United Homes Group saw closings and home-closing revenue decline on a year-over-year basis in both its fourth quarter and fiscal year 2025.
The quarterly earnings report is United Homes’ final as a public company ahead of its planned merger with Daiwa House-backed Stanley Martin Homes. After going public in 2023 and completing the acquisitions of Rosewood Communities, Herring Homes, and Creekside Custom Homes, United Homes Group struggled to generate strong earnings and shareholder value as a public company. The South Carolina-based builder cycled through three CEOs in three years and launched a strategic review of alternatives in May 2025 that included a potential sale. Six board members resigned from the company in October 2025. Although the strategic review determined a “business as usual approach” was best for the company in October, United Homes Group announced its $221 million sale to Stanley Martin Homes at the end of February.
“This transaction delivers immediate and certain cash value to our shareholders while aligning United Homes with a highly respected, well-capitalized builder in Stanley Martin,” Jack Micenko, CEO of United Homes Group, said at the time of the sale. “We are proud of the platform our team has built and believe this combination represents the best outcome for our shareholders and an outstanding opportunity for our employees, trade partners, and customers.”
United Home Group’s sale to Japan-backed Stanley Martin Homes was the latest deal reflecting a trend of international investment in the U.S. housing market. Japanese company Sumitomo Forestry acquired public builder Tri Pointe Homes in February in a $4.5 billion deal.
“The Japanese long-term demographics are less desirable than the long-term U.S. demographics. The successful Japanese builders, they are looking to allocate growth capital and they are looking at the best market in the world,” Tony Avila, founder and CEO of Builders Advisor Group, explained to BUILDER following the two deals. “[Japanese companies] have access to cheaper capital.
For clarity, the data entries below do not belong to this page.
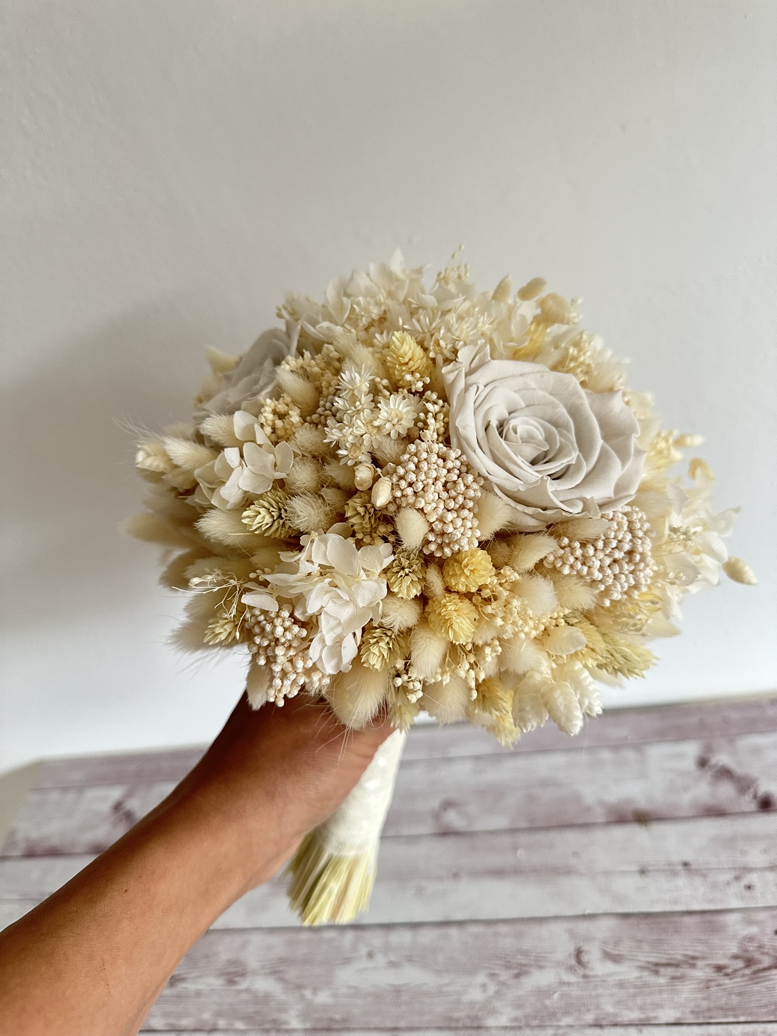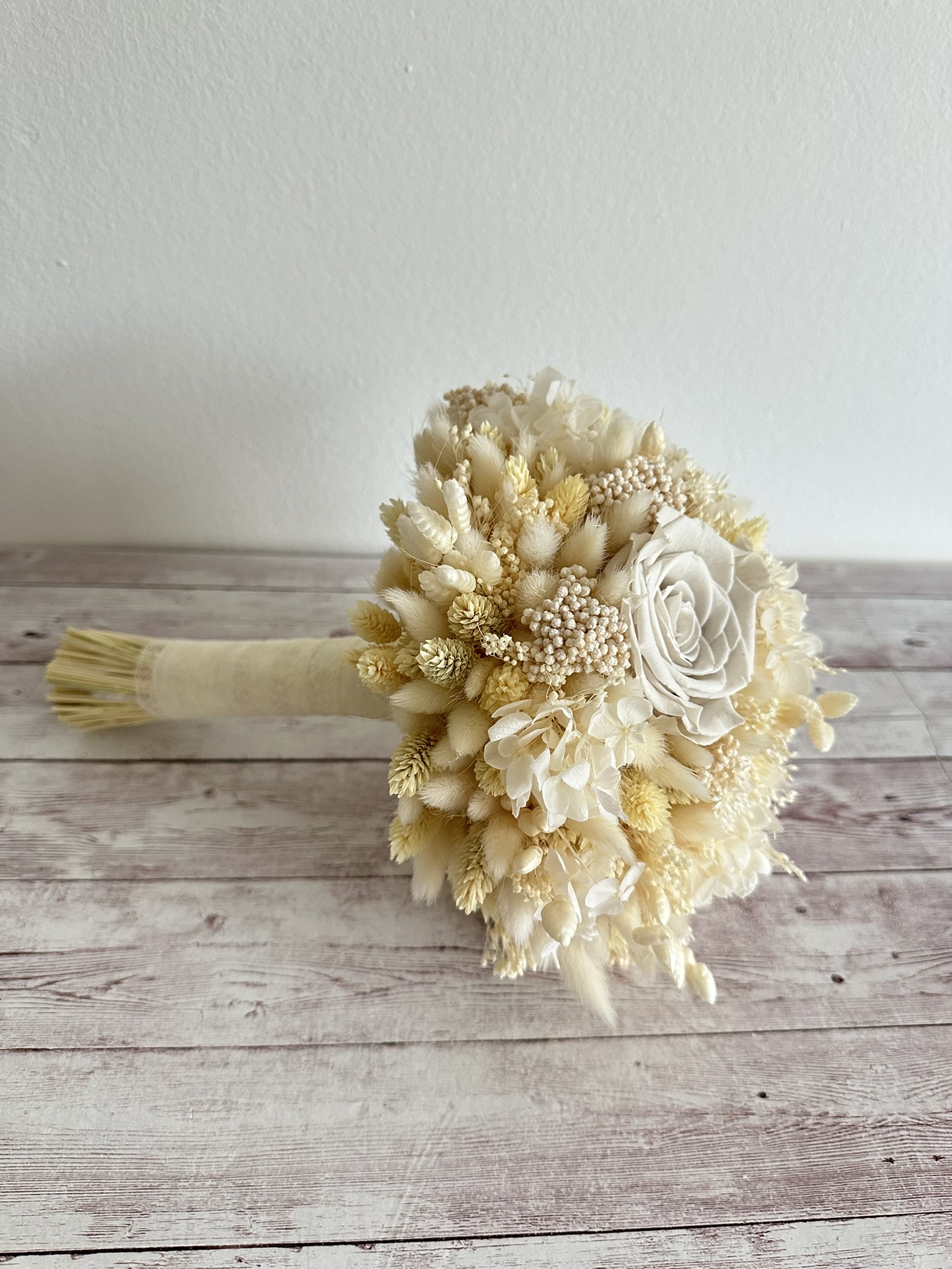 Unul dintre cele mai mari avantaje ale acestui set de nuntă cu flori uscate este durabilitatea sa. Florile nu se ofilesc și nu necesită întreținere, ceea ce îl transformă într-o alegere ideală pentru păstrarea ca obiect decorativ sau amintire de suflet. Fiecare set este 100% handmade, realizat cu grijă și pasiune, iar la cerere poate fi personalizat în funcție de paleta cromatică sau stilul nunții tale.
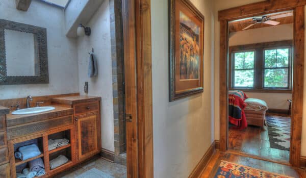 The master bedroom is located perfectly in a quiet corner of the house so that the large east-facing windows can gather the morning light rising over the Madison Range and Ennis Lake. The master bathroom includes double sinks, a soaking tub, and a fully-tiled steam shower with a glass euro door. The master closet has built-in shelves and hanging rails for his-and-her clothing and storage.
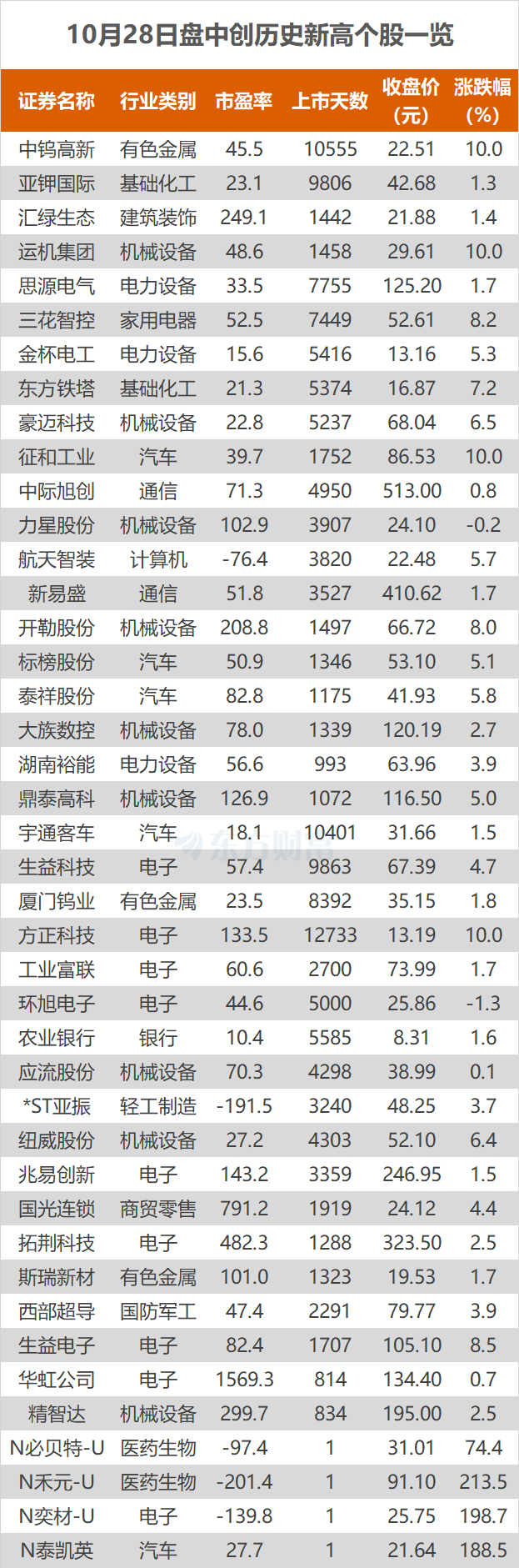 10月28日,A股三大指数今日集体小幅下跌,沪指4000点得而复失。截止收盘,沪指跌0.22%,收报3988.22点;深证成指跌0.44%,收报13430.10点;创业板指跌0.15%,收报3229.58点。东方财富Choice数据显示,今日有42只个股盘中股价创历史新高,分别为三花智控、工业富联等。

They are taking advantage of cheaper capital in Japan and making acquisitions in the United States.”
By the Numbers
In the fourth quarter, closings declined by 9% to 375 for United Homes Group while home closings revenue fell 8% to $123.4 million. For the full fiscal year, closings and closings revenue declined by 17% and 12% to 1,192 homes and $406.7 million, respectively.
Net new orders in the fourth quarter declined by 14% to 351. In the fiscal year 2025, net new orders fell 12% to 1,227 homes. The average sales price of production-built homes increased to $341,000 in the 2025 from $329,000 in 2024.
United Homes Group ended the fiscal year with a lot pipeline of approximately 7,200 owned or controlled lots.
The builder, ranked No. 51 on the 2025 Builder 100 list, generated a fourth quarter profit of $3.2 million, or $0.05 per share, up from a profit of $0.7 million, or $0.01 per share, in the same period of 2024. For the full fiscal year 2025, United Homes Group generated a net loss of $16.3 million, or $0.28 per share. In 2024, the company generated a profit of $46.9 million, or $0.90 per share.